→ Exercise data
▼

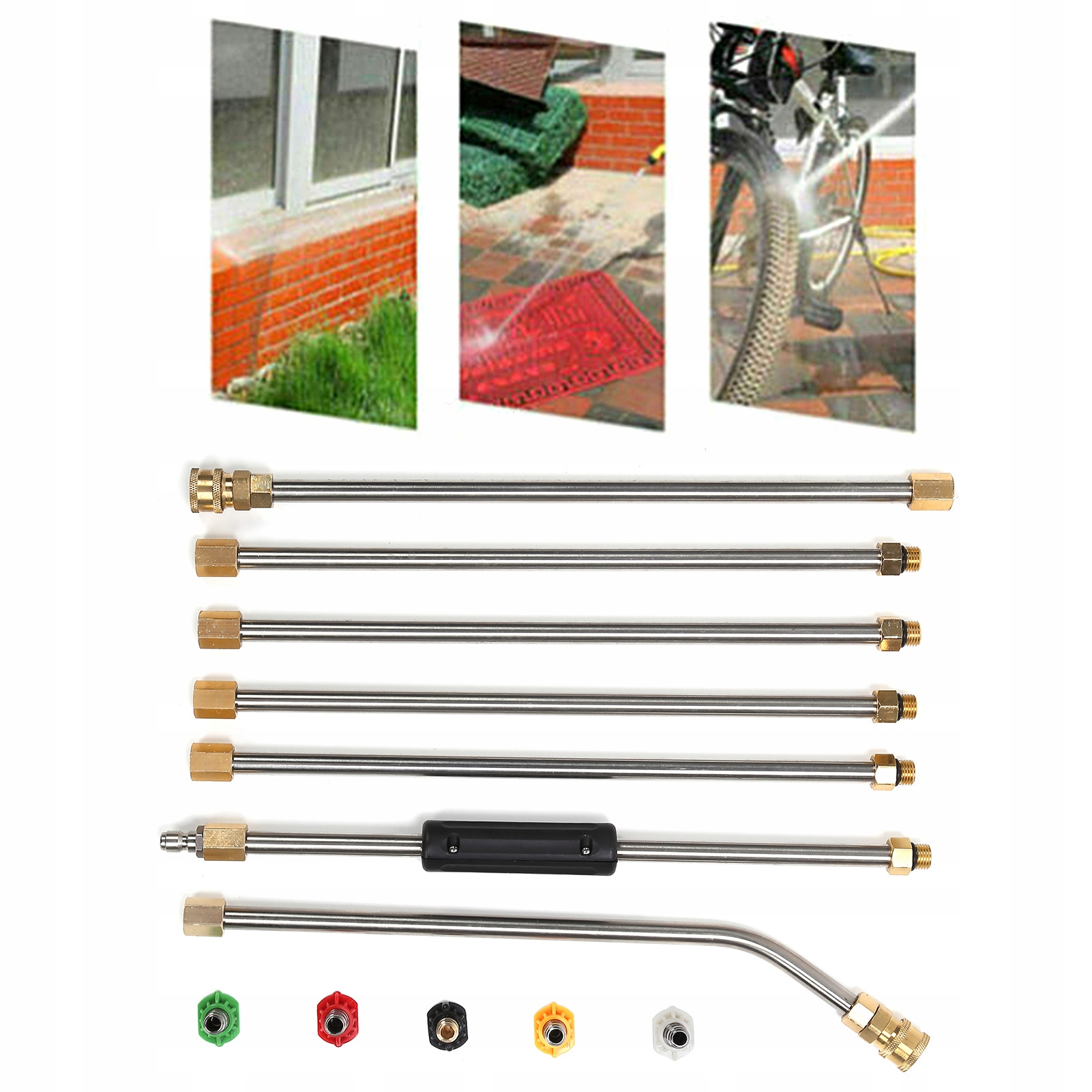 1. В комплект входят 5 насадок для мойки высокого давления, 6 прямых удлинителей и 1 изогнутая насадка.
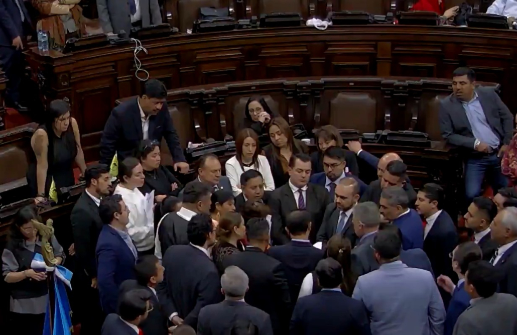 La tensión escaló al punto que la Policía Nacional Civil ingresó al Congreso para intentar garantizar la salida segura de los legisladores, mientras videos mostraban a diputados atrapados dentro del hemiciclo.
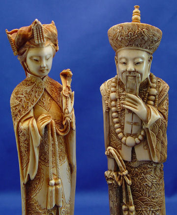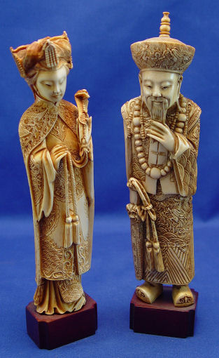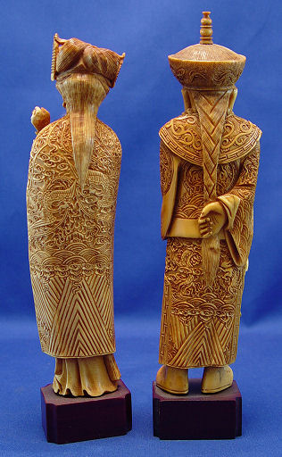 CARVED IVORY EMPEROR & EMPRESS: Highly detailed costumes and features. 8-8 1/2''tall excluding the wooden bases.
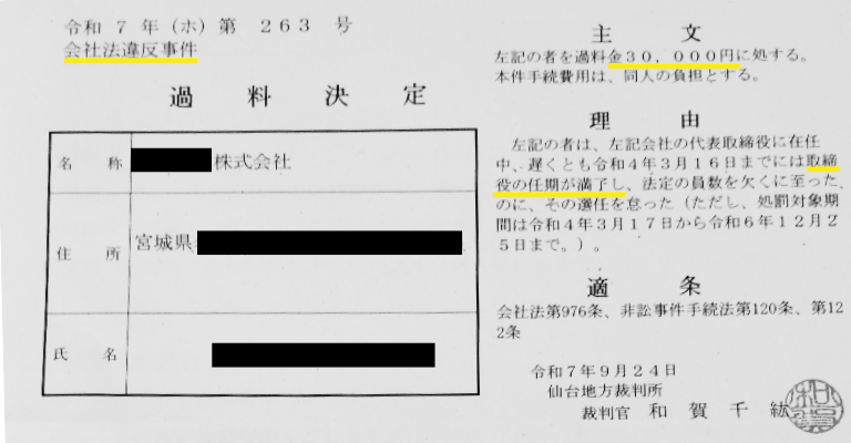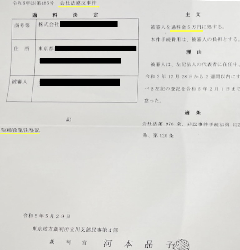 下記の実例は2010年11月に設立した会社で、2020年に重任(役員の更新)をしないまま3年が経って、裁判所から通達が来ました。
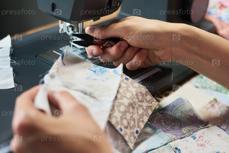 Молодая взрослая женщина шит тканевые изделия с использованием швейной машины в помещении
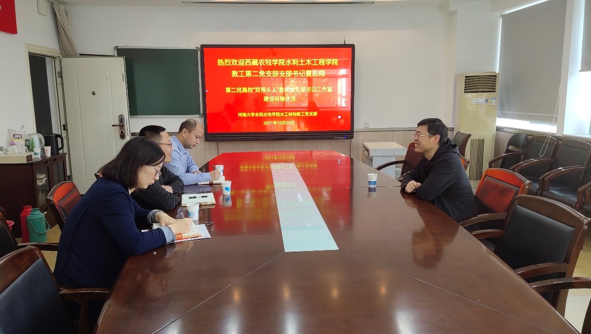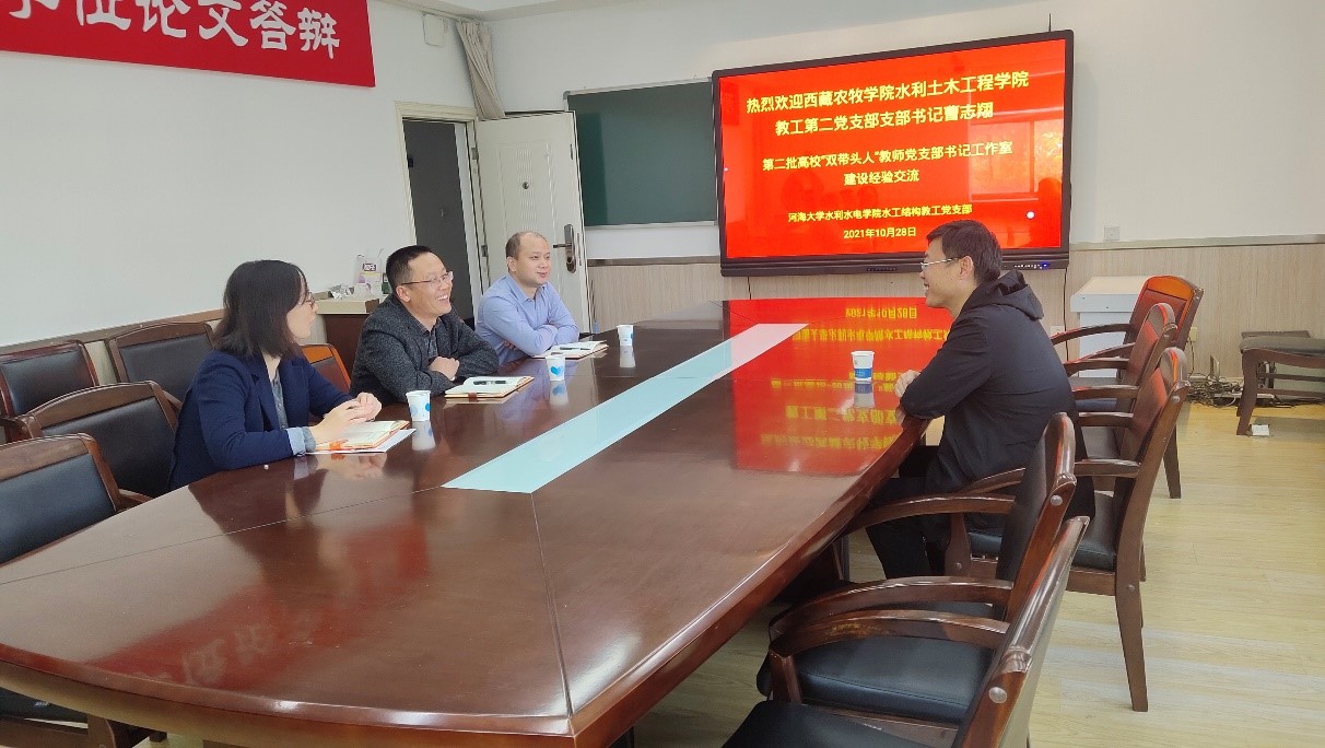 10月28日,性爱直播 水工结构研究所教师党支部与西藏农牧学院水利土木工程学院第二教师党支部开展结对共建。西藏农牧学院土木水利学院第二教师党支部书记曹志翔,河海大学性爱直播 水工所党支部书记赵兰浩、组织委员甘磊、宣传委员张汉云参加会议。
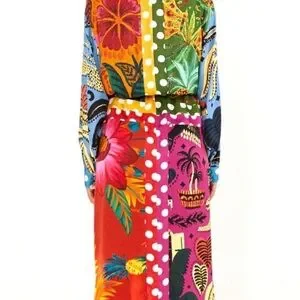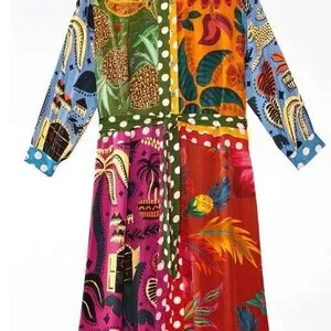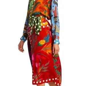 Farm Rio's Early Rainbow midi-shirtdress combines bright print mixing with contrast dot trim. Designed with a silky, non-stretch feel, the Brazilian label finishes this style with a matching self-tie belt. Size Large NWT.
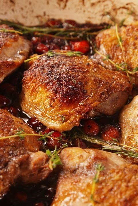 Return chicken to skillet and scatter herbs all around. Simmer until the liquid begins to thicken and the cranberries start to soften, 5 to 10 minutes.

▲

→ Your goal
Print all data above verbatim, except pictures.

→ Your solution
 1. В комплект входят 5 насадок для мойки высокого давления, 6 прямых удлинителей и 1 изогнутая насадка.
 La tensión escaló al punto que la Policía Nacional Civil ingresó al Congreso para intentar garantizar la salida segura de los legisladores, mientras videos mostraban a diputados atrapados dentro del hemiciclo.
 CARVED IVORY EMPEROR & EMPRESS: Highly detailed costumes and features. 8-8 1/2''tall excluding the wooden bases.
 下記の実例は2010年11月に設立した会社で、2020年に重任(役員の更新)をしないまま3年が経って、裁判所から通達が来ました。
 Молодая взрослая женщина шит тканевые изделия с использованием швейной машины в помещении
 10月28日,性爱直播 水工结构研究所教师党支部与西藏农牧学院水利土木工程学院第二教师党支部开展结对共建。西藏农牧学院土木水利学院第二教师党支部书记曹志翔,河海大学性爱直播 水工所党支部书记赵兰浩、组织委员甘磊、宣传委员张汉云参加会议。
 Farm Rio's Early Rainbow midi-shirtdress combines bright print mixing with contrast dot trim. Designed with a silky, non-stretch feel, the Brazilian label finishes this style with a matching self-tie belt. Size Large NWT.
 Return chicken to skillet and scatter herbs all around. Simmer until the liquid begins to thicken and the cranberries start to soften, 5 to 10 minutes.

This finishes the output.